I am not coping with life with our 2 year old with GDD. She is doing ok - happy girl, no health problems, just very delayed. I am not. I am worried, upset and have no idea how to think about/plan for the future. I am just struggling somehow, cant focus, exhausted all the time. I feel like I cant speak to anyone anymore. I am so angry and upset. People seem to keep wanting me to say it will be fine when I have no way of knowing how it will be. When I do I feel like I am lying (even to myself) when I dont I feel like I am being rude by not smoothing over ugly things. Or like its my fault because I should be more positive. At the same time I feel like what is happening to us is tragic (my H has been diagnosed with MS in the last year), and I dont feel like spending my time making everyone else feel better.
I feel like I am struggling not to be depressed, or I am depressed but dont have time to be or... i dont really know.
Did you have dark periods? How do/did you get through them?
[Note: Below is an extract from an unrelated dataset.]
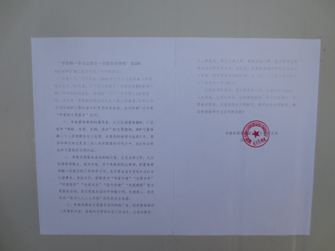團員青年們也用自己的行動不斷挖掘和深化雷鋒精神的時代內涵。團支部通過懸掛宣傳橫幅、張貼倡議書,營造了濃厚的活動氛圍。同時組織開展了義務道路清掃、道路排水、義務清理生活垃圾、植樹護綠、衛生大掃除等活動,為建設美麗船閘創造良好的施工生活環境,營造了文明、和諧、向上的項目氛圍。

How do you find support?
I feel like life is getting tougher, our savings are running out, she is getting bigger and stronger and thats making it harder to look after her when she wont co-operate (teeth brushing, hair, baths). Its like having a really huge heavy baby and I feel ashamed when I feel she looks a bit grubby cos I gave up washing her face or I cant do her nails or ears properly.
I am scared I cant manage this and I cant seem to find any solutions to anything and its getting worse
Can you share your experiences with me?